I just asked a stability employee and they said the the current models ran into an overfitting issue probably due to some duplicated data somewhere in their dataset, which consists of 1.5T tokens. The 800B tokens is the number of tokens they've been trained on so far. The plan is to keep going and train on the rest of the data once the issue is resolved.
I've asked this question in a few places, and never been able to get an answer, maybe you know...
Q: Why are these LLMs trained on a single epoch, and perform worse if the dataset is repeated ?
This seems maybe related to suspecting data duplication as a cause of overfitting.
Why don't LLMs need multi-epoch training at a low learning rate to generalize? If they are managing to learn from a single epoch, that sounds more like they may be memorizing!
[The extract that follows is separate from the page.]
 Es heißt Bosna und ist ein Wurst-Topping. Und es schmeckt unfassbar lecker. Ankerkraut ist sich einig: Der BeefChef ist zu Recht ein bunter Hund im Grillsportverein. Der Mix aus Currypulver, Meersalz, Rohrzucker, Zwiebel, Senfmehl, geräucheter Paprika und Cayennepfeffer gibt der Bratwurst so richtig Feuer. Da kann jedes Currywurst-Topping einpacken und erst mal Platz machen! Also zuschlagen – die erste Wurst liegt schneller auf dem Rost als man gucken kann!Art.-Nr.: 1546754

Never repeating your training data is what you'd ideally like to do for training basically any ML model. If you do that you don't really need to worry about overfitting since the model is constantly trying to fit a stream of new data. To reduce its training error it actually has to model the structure of the data rather than just memorizing it since each training step will involve data it has never seen before. Larger models are more prone to overfitting but also learn several orders of magnitude faster. If you can use larger models without being concerned about overfitting it's generally desirable to do so. It's just that most tasks don't actually have enough data to support doing that. Thankfully, text modeling does have enough data.
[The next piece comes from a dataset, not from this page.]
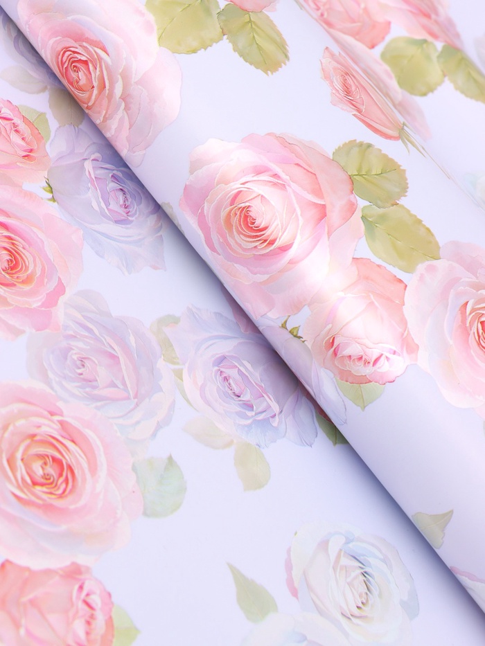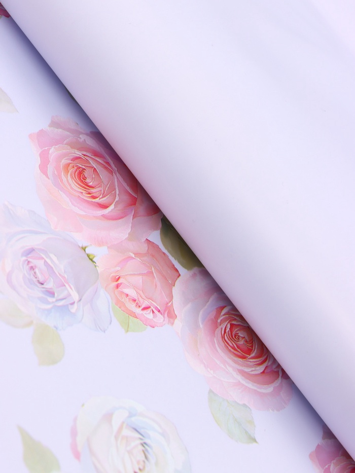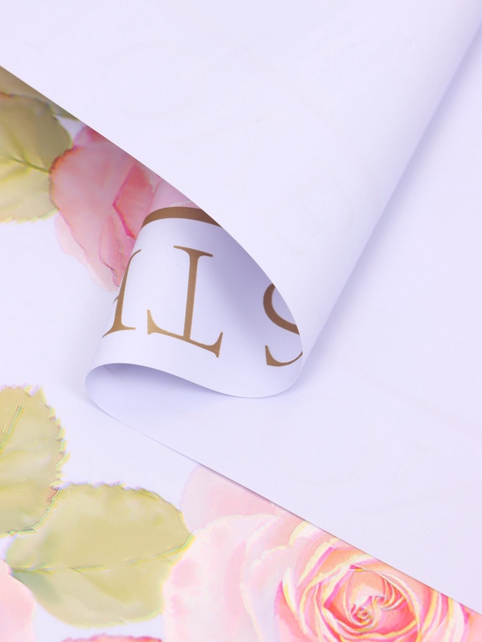 - Реалистичный цветочный принт: Рисунок с розами и элементами зелени нанесён детально, создавая эффект второго слоя или фона. Это придаёт упаковке живописность и делает её самостоятельным элементом декора, даже если букет собран из других цветов.

So when, for example, we train an ImageNet model over multiple epochs using rotation/scaling/etc augmentation, it's really better to think of this as one epoch over a unique set of images than multi-epoch per se ? I was really thinking of augmentation as a way to get coverage over the input space rather than ensuring the training data doesn't repeat, but I guess it serves both purposes.
It does still seem that many LLMs are overfitting / memorizing to a fair degree though - maybe just because they are still too big for the amount of data they are trained on ? It seems like a bit of a balancing act - wanting an LLM to generalize, but yet also to serve as somewhat of a knowledge store for rare data it has only seen once.
Pros
Cons High-level, this is likely to be more accurate than existing non-llama open source models. It's hard to say without benchmarks (but benchmarks have been gamed by training on benchmark data, so really it's just hard to say).Some upcoming models in the next few weeks may be more accurate than this, and have less restrictive licenses. But this is a really good option nonetheless.